* **What the exercise asks**
Print the data below exactly as it stands, and keep the pictures out.

* **Dataset content**
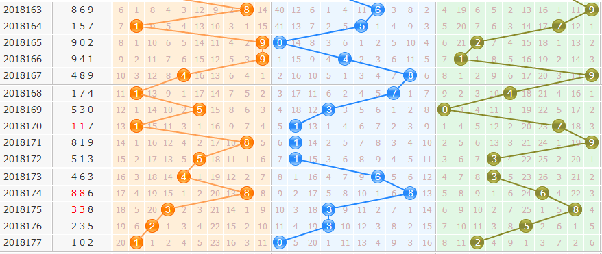 福彩3D第2018177期开奖号102,跨度开出2位点,重码开出2,全顺组合露面,和值回落至3点
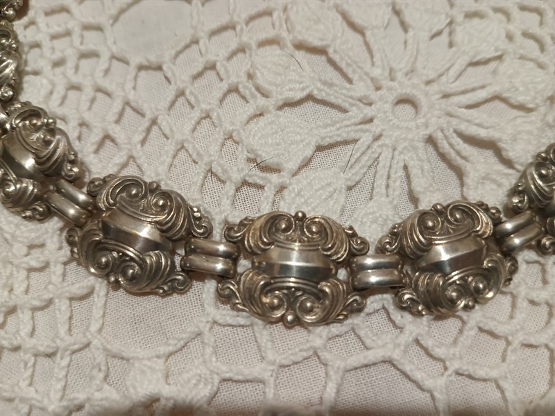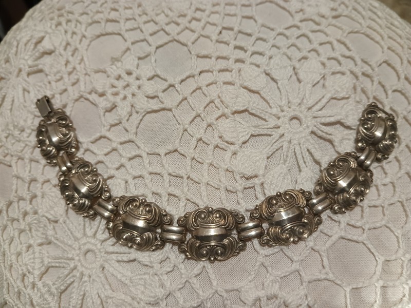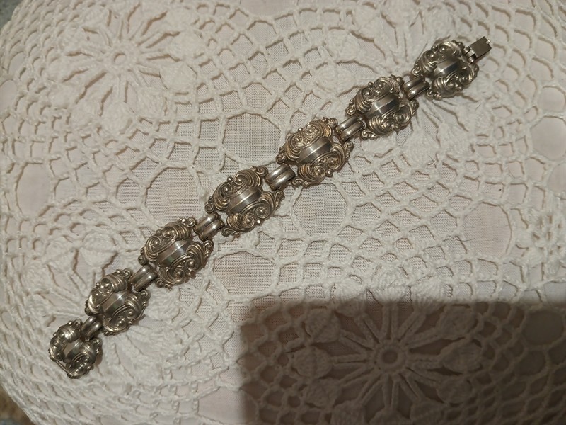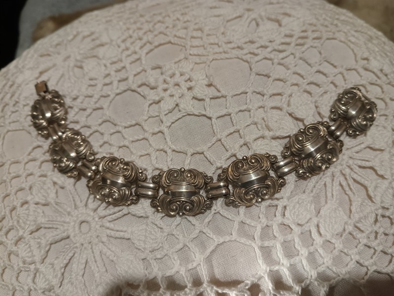 Krásný starožitný náramek vyrobený ze stříbra ryzosti 800/1000 . Délka náramku je 18 cm ( měřeno bez pojistky ). Šířka je 1,7 cm . Hmotnost 27,48 gr . Přiložena boleta Puncovního úřadu.
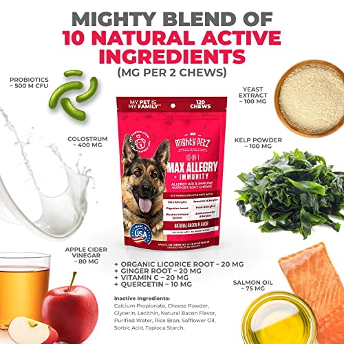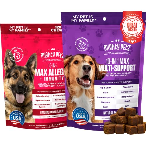 Mighty Petz MAX Dog Allergy Relief – Itch Free Skin – Immune Supplement with Omega 3 Fish Oil + Probiotics + Colostrum. Skin & Coat Health + Digestion. 120 Chews for Pets with Seasonal Allergies + Mighty Petz MAX Dog Multivitamin + Probiotics + Glucosamine Chondroitin + Fish Oil + 15 More! Adult & Senior Dog Supplement Vitamins Chews to Support Hip & Joint, Skin + Coat, Digestion & Immunity
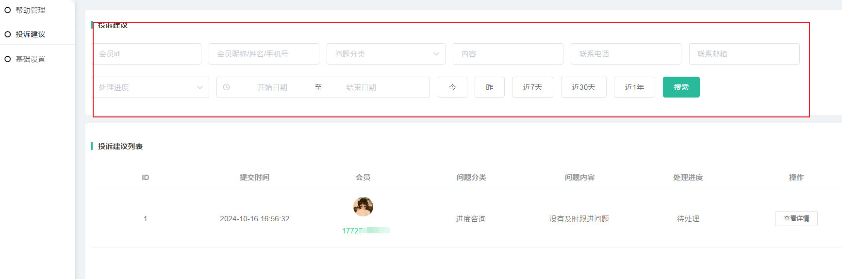 支持筛选会员ID,昵称,姓名手机号,问题分类,内容,联系电话/邮箱,处理进度,时间等信息

* **Final answer**
 福彩3D第2018177期开奖号102,跨度开出2位点,重码开出2,全顺组合露面,和值回落至3点
 Krásný starožitný náramek vyrobený ze stříbra ryzosti 800/1000 . Délka náramku je 18 cm ( měřeno bez pojistky ). Šířka je 1,7 cm . Hmotnost 27,48 gr . Přiložena boleta Puncovního úřadu.
 Mighty Petz MAX Dog Allergy Relief – Itch Free Skin – Immune Supplement with Omega 3 Fish Oil + Probiotics + Colostrum. Skin & Coat Health + Digestion. 120 Chews for Pets with Seasonal Allergies + Mighty Petz MAX Dog Multivitamin + Probiotics + Glucosamine Chondroitin + Fish Oil + 15 More! Adult & Senior Dog Supplement Vitamins Chews to Support Hip & Joint, Skin + Coat, Digestion & Immunity
 支持筛选会员ID,昵称,姓名手机号,问题分类,内容,联系电话/邮箱,处理进度,时间等信息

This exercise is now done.